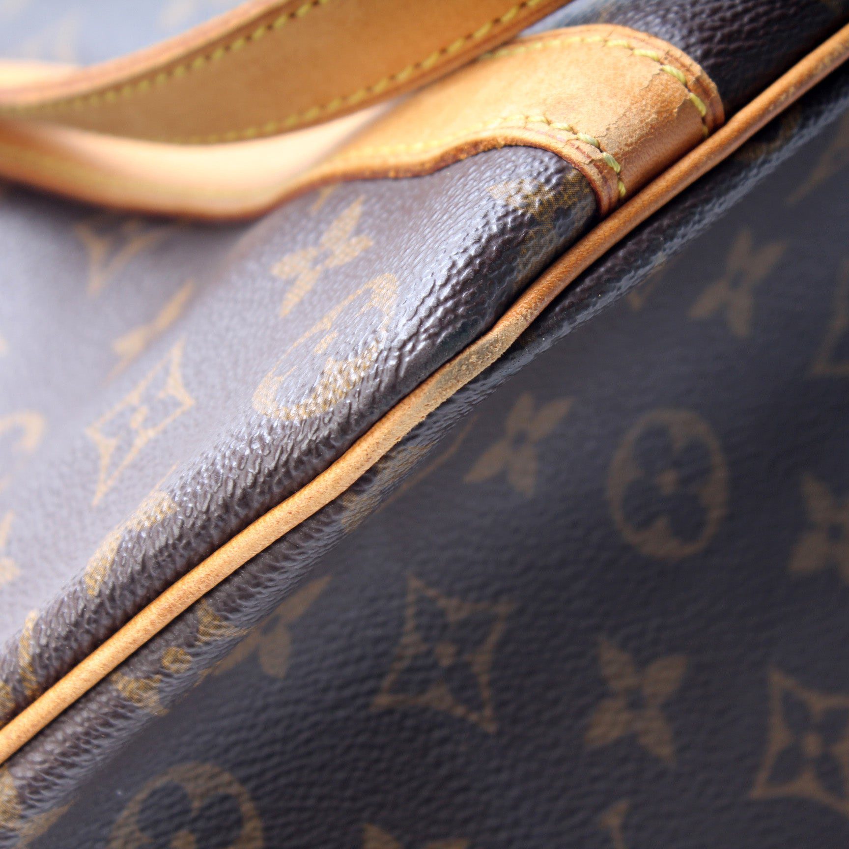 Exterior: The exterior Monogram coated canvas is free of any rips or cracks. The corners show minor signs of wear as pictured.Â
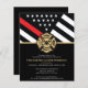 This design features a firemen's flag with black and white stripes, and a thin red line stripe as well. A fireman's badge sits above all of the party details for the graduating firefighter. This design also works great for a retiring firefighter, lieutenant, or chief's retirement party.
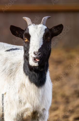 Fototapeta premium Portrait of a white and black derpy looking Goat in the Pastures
...
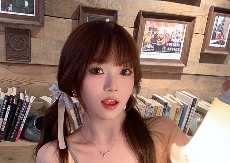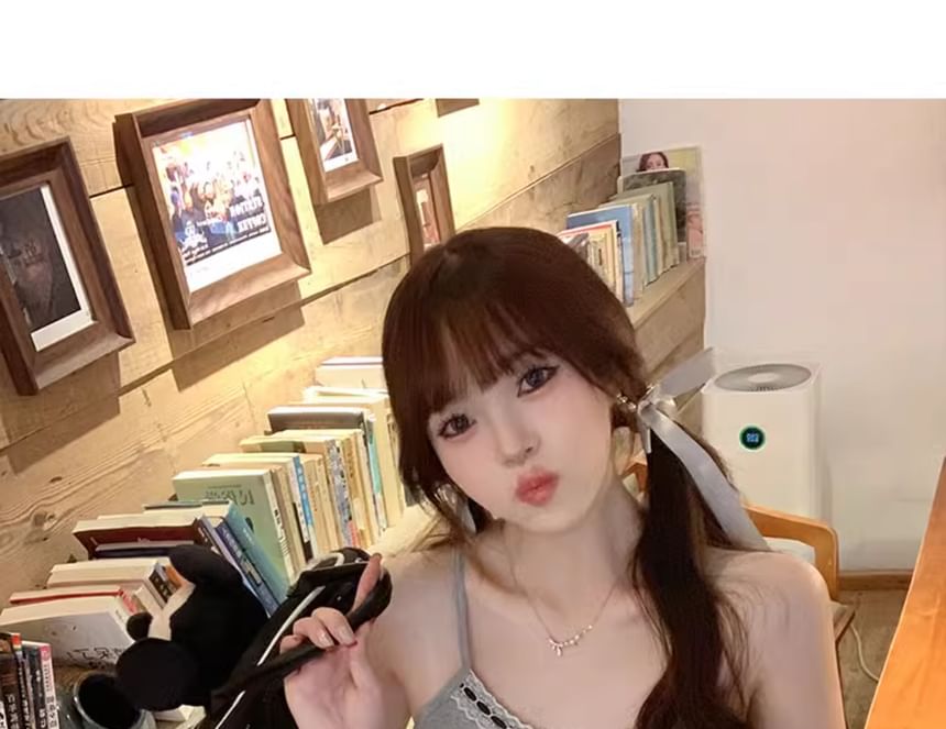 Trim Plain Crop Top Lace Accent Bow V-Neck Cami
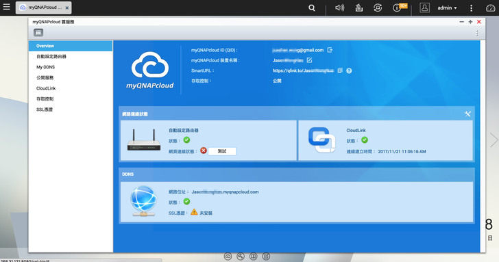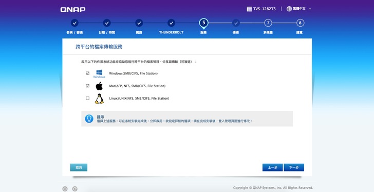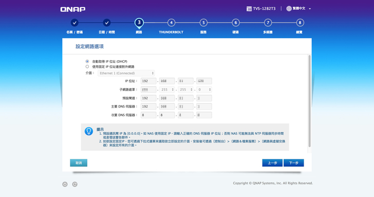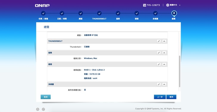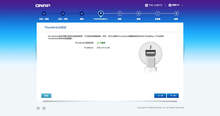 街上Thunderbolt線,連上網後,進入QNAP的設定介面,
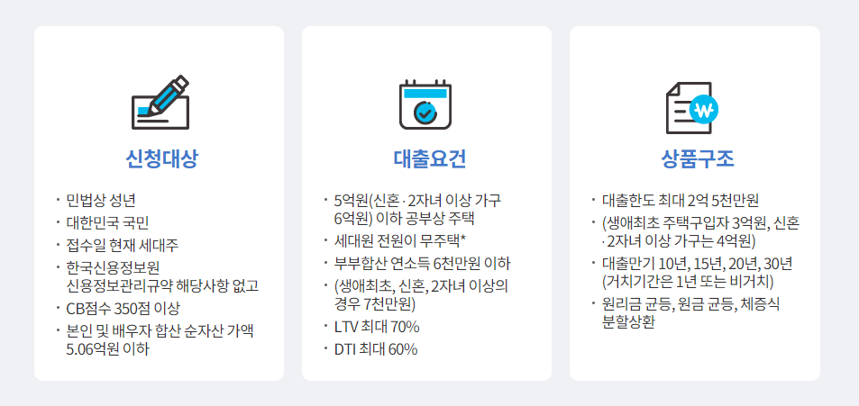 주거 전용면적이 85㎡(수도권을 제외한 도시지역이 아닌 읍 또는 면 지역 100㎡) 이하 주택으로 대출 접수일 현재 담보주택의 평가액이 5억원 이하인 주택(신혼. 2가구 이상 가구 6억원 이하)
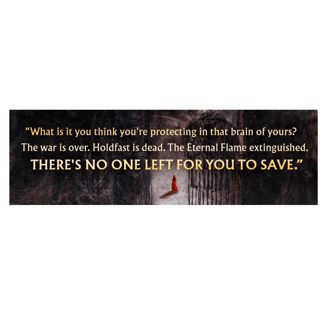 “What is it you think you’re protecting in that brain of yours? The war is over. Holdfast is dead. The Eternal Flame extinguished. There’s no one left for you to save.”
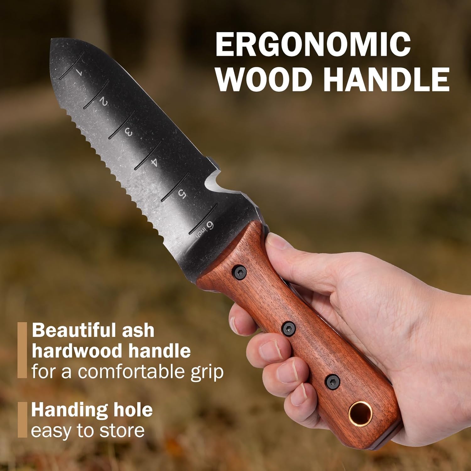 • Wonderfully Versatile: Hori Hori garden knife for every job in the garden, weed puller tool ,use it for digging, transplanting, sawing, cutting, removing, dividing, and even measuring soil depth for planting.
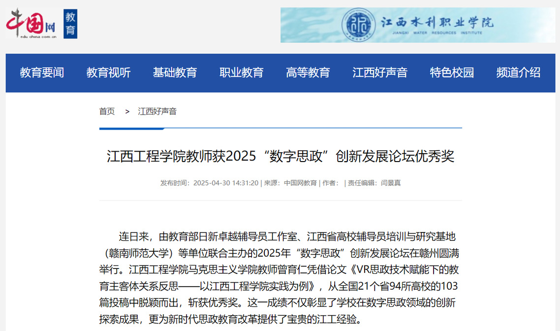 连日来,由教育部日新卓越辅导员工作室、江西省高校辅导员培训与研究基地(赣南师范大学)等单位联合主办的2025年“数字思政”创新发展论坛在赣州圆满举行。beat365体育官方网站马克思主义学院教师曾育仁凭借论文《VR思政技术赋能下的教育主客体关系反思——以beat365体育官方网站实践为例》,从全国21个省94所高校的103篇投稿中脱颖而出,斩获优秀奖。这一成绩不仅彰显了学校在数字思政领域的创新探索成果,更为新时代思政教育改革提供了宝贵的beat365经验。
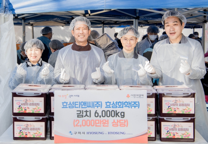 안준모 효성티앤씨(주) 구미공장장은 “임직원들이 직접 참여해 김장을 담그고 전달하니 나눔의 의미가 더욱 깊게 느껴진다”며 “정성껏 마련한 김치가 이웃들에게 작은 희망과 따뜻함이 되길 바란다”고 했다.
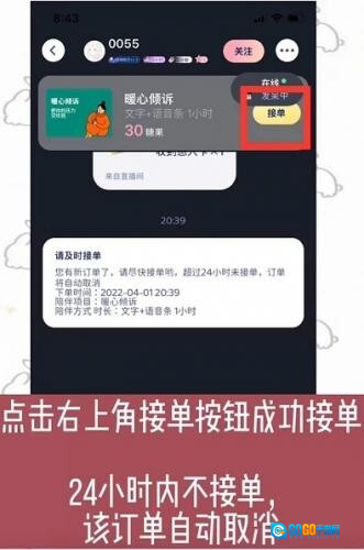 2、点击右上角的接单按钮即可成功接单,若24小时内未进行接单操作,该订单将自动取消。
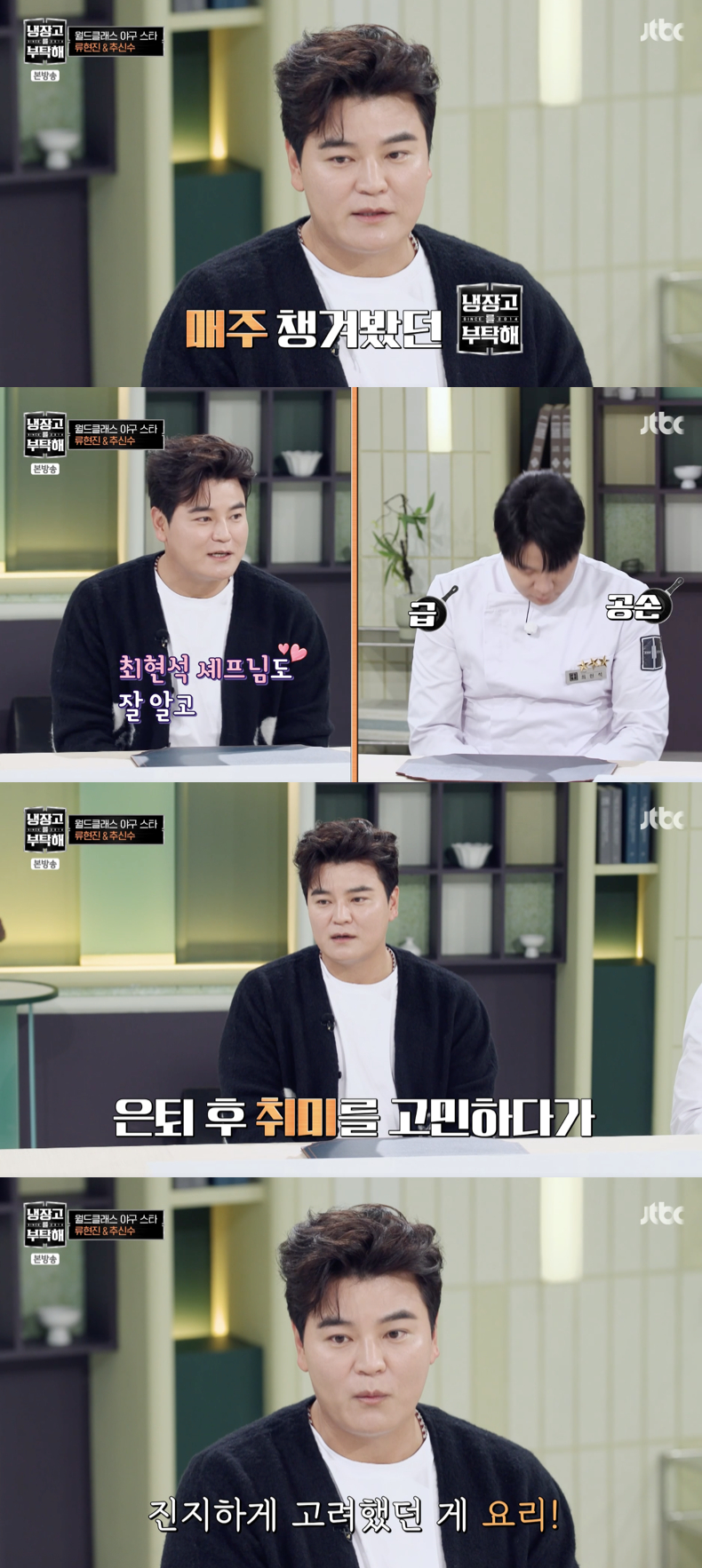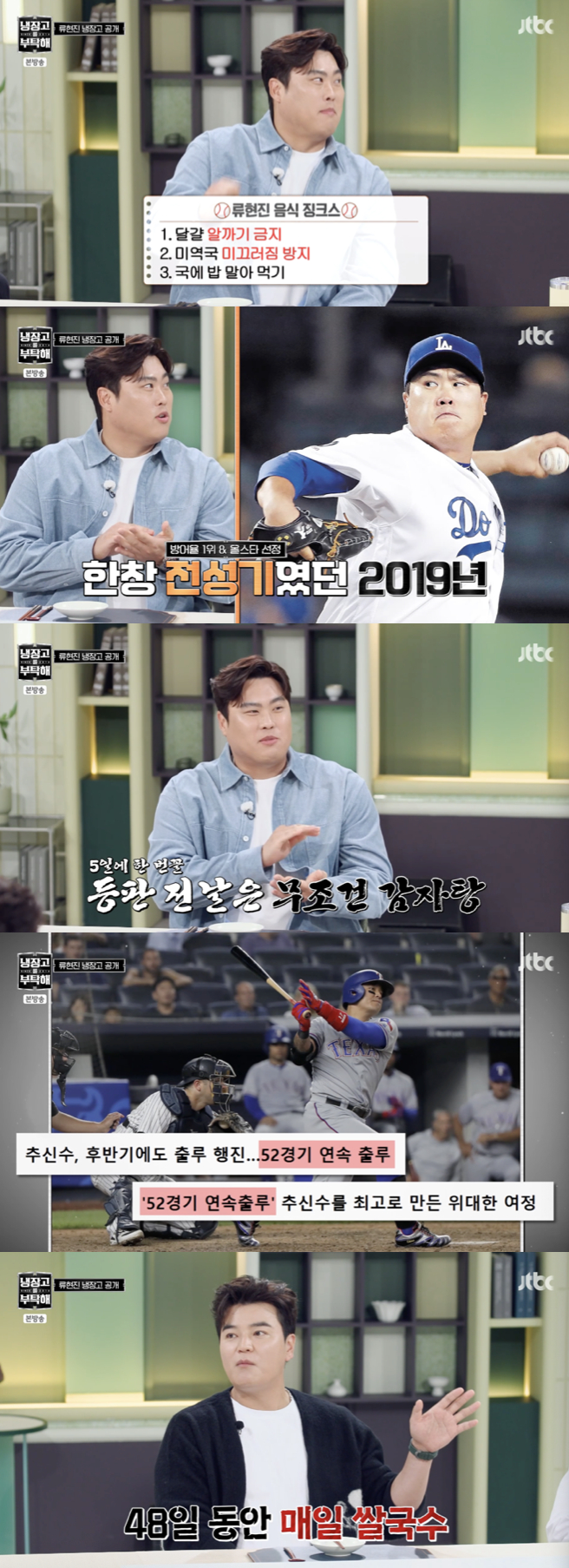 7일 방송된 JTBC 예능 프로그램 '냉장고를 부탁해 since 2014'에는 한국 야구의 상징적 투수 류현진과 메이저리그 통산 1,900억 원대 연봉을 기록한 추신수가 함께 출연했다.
---
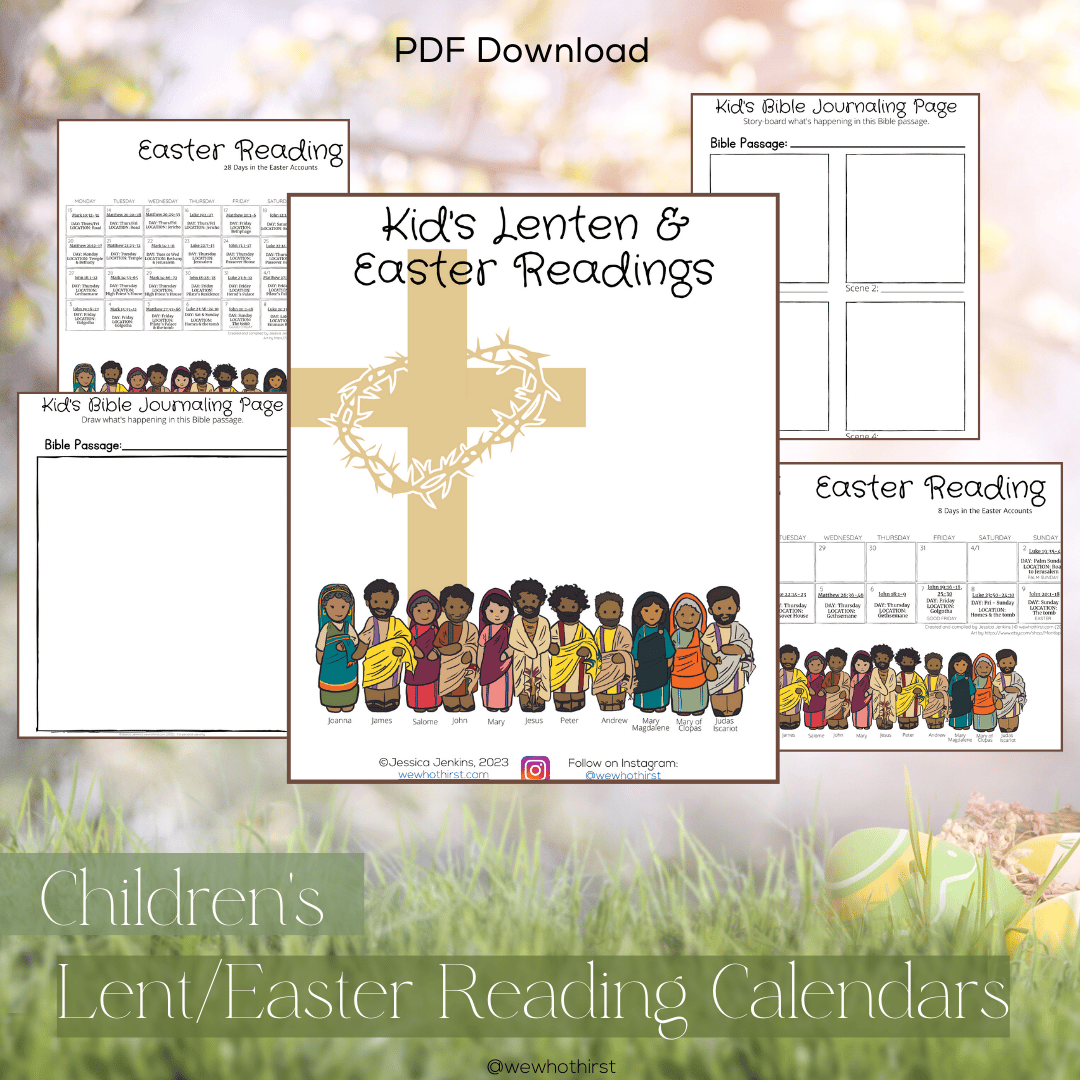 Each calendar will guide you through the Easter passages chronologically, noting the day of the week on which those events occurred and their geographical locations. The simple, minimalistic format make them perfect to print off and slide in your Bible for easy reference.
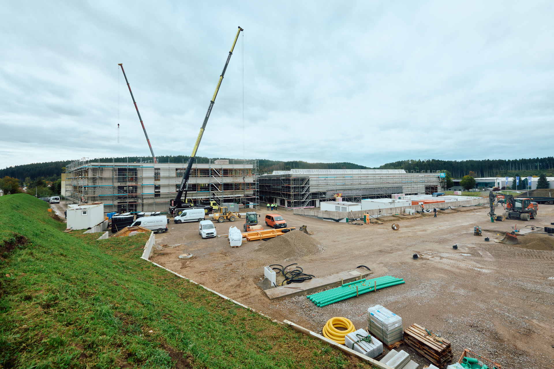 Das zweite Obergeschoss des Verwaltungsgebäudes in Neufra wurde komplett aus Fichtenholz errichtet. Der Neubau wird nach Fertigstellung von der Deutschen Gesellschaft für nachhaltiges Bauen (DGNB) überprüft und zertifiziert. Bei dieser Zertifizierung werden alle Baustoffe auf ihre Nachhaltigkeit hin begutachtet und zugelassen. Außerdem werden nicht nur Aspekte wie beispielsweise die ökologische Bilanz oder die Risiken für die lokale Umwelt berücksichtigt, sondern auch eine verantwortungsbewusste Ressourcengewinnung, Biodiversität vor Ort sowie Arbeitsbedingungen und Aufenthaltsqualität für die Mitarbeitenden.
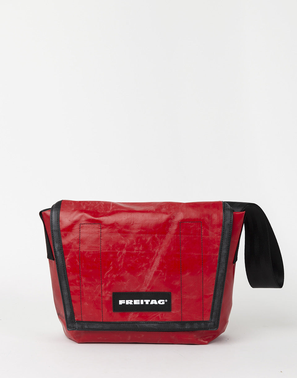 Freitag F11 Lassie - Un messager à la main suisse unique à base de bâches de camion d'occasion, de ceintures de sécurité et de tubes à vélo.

_Task to complete_.
Exercise for the records above: copy only the lines from the one with "안준모 효성티앤씨(주) 구미공장장은" to the one with "7일 방송된 JTBC", both ends kept, and drop the pictures.

_Your response_.
 안준모 효성티앤씨(주) 구미공장장은 “임직원들이 직접 참여해 김장을 담그고 전달하니 나눔의 의미가 더욱 깊게 느껴진다”며 “정성껏 마련한 김치가 이웃들에게 작은 희망과 따뜻함이 되길 바란다”고 했다.
 2、点击右上角的接单按钮即可成功接单,若24小时内未进行接单操作,该订单将自动取消。
 7일 방송된 JTBC 예능 프로그램 '냉장고를 부탁해 since 2014'에는 한국 야구의 상징적 투수 류현진과 메이저리그 통산 1,900억 원대 연봉을 기록한 추신수가 함께 출연했다.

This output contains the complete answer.